Of course, no quest is really worthwhile unless you’re in a race with someone else to get to the answer. It’s the old “can’t let this fall into the wrong hands”, and naturally that’s exactly what’s going to happen … for a time. In this case the bad guys are human Moll Revel, played by Eve Harlow, and La’k, a Breen, played by Elias Toufexis. They have an interesting love story that we get to see in flashbacks for an episode, and they are now running from the Breen. Now these are super bad guys who will rip through anyone and anything that gets in their way, including Discovery. The series makes them somewhat sympathetic, but they leave a lot of carnage in their wake.

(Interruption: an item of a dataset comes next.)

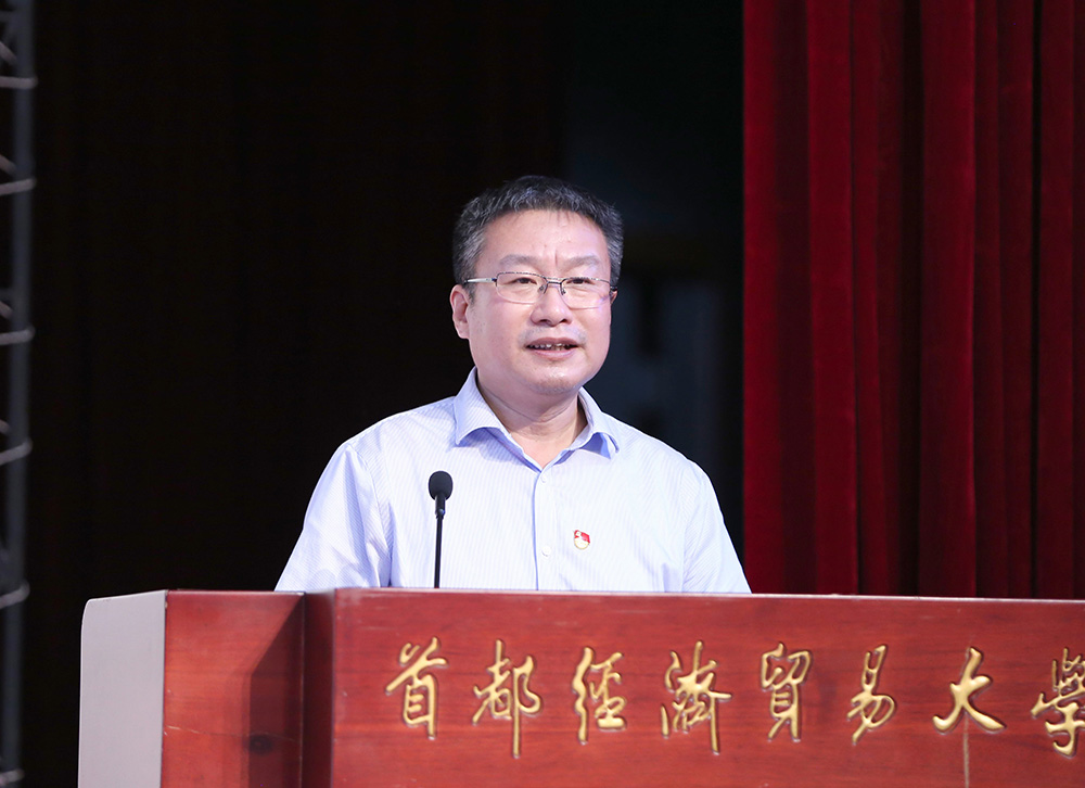 On the afternoon of June 2, a keynote report on learning CPC history was held in Zhuoyu Auditorium Hall, Boyuan Building. Zhou Bingde, niece of Premier Zhou Enlai, former Vice President of China News Service and President of Enlai Foundation, was invited to deliver a special report on “Maintaining Zhou Enlai Spirit and Revolutionary Culture”. Xu Fang, Deputy Secretary of the Party Committee of CUEB, Wang Chuansheng, member of the Party Standing Committee and Vice president of CUEB, Xing Qi, member of the Party Standing Committee and Director of the United Front Work Division, middle-level leading cadres of CUEB and representatives of teachers and students of the School of Foreign Studies attended the report. The report was presided over by Han Xianzhou, Party Secretary of CUEB.

The cast is too large to do any justice here. You can check back on our previous seasons of reviews to learn more about the characters. The season tries to play like a Star Trek Greatest Hits album. You’ll get a connection with the Mirror Universe, time bubbles, which offers us a chance to see that old first season crew one more time. There are familiar planets like Trill and Betazed, a version of Enterprise, wormholes, and let’s not forget that oldie but a goodie “have to fix an ancient device that the planet’s people think has to do with gods” and the like. Yeah, that one’s been played a few times, hasn’t it? We get to see that there are Data copies in the galaxy now with that same skin tone and glazed eyes. Everything but Brent Spiner himself.
All of this is not enough to salvage this show. I really haven’t liked it, and the Great Bird of the Galaxy knows how hard I tried. It starts with the main character. Sonequa-Martin-Green is a pretty good actress. She was great in The Walking Dead. But there just isn’t much she can do with the sheer arrogance of Burnham. The moral superiority she oozes in in the script, and she really had no choice. Even 1000 years in the future with incredible tech and smartest minds, she’s still smarter than all of them. She figures it all out before anyone else can even snap their fingers. It’s elitist, and it’s damn annoying. Roddenberry was great at bringing social messages to the series. He did it through metaphor and sheer example. Burnham preaches, and no one really likes to be preached to. I’m glad Discovery is finally over. I tried, guys. Just couldn’t do it. I look forward to more years of Strange New Worlds and other shows. I still have hope that even Kurtzman won’t totally screw this up.
You get all 10 episodes on four discs. There are features on the various production teams, on the characters and f/x and director Olatunde Osujanmi. There is the usual season wrap-up and a gag reel. All good things must come to an end. The same is true for the bad and the ugly. Decide for yourself where this one belongs. For me I’m glad it’s over. “Locking something away and moving on are two different things.”